▸ **Data shown**:
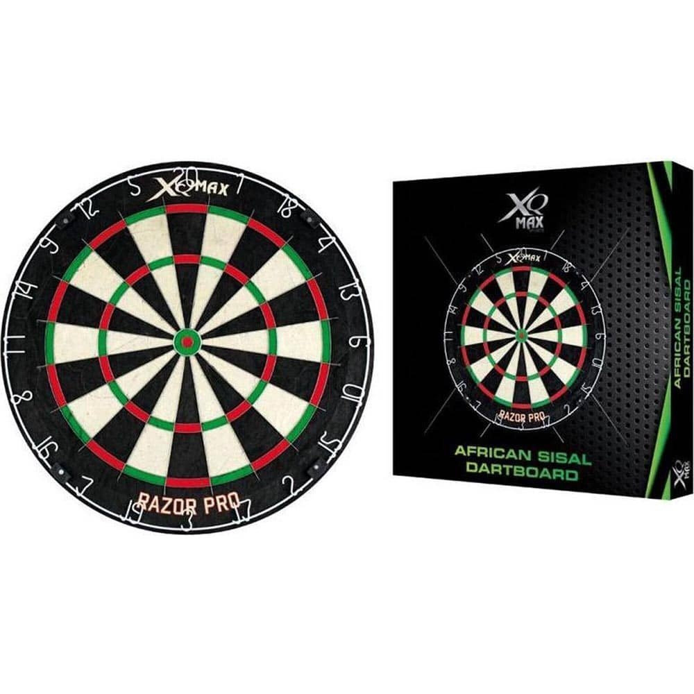 Vysoce kvalitní herní terč od XQmax, model Razor Pro. Vyrobeno z prvotřídního afrického sisalu, který poskytuje vysokou pevnost a odolnost. Terč vyniká jemnějším oddělením dráty mezi segmenty, aby se minimalizoval počet zbytečných odrazů šipek od konstrukce terče. Vhodný pro soutěže.
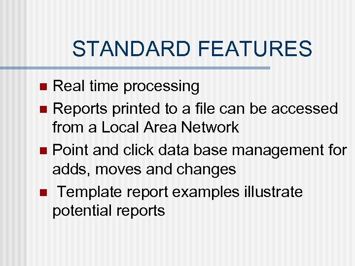 STANDARD FEATURES Real time processing n Reports printed to a file can be accessed from a Local Area Network n Point and click data base management for adds, moves and changes n Template report examples illustrate potential reports n
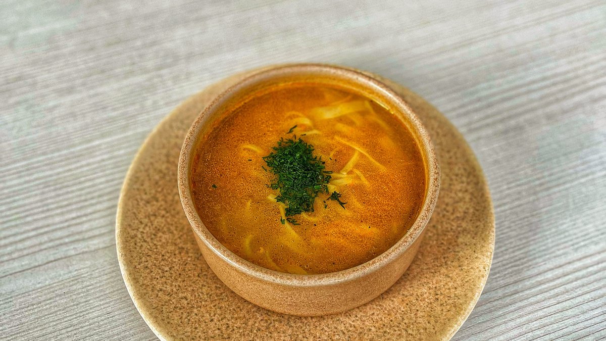 наваристый куринный бульон домашняя лапша, овощняя пассировкаи куринное филе
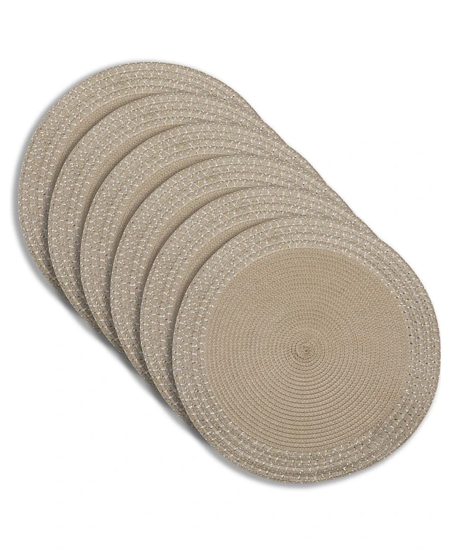 Dainty Home Lurex 15" Round Woven Placemats Set of 6 - Durable, Reversible & Non-Slip Table Mats

▸ **Instructions to follow**: Pictures excluded, give again exactly and only the lines of the material above from the line with "STANDARD FEATURES Real" through the line with "наваристый куринный бульон".

▸ **Task answer**:
 STANDARD FEATURES Real time processing n Reports printed to a file can be accessed from a Local Area Network n Point and click data base management for adds, moves and changes n Template report examples illustrate potential reports n
 наваристый куринный бульон домашняя лапша, овощняя пассировкаи куринное филе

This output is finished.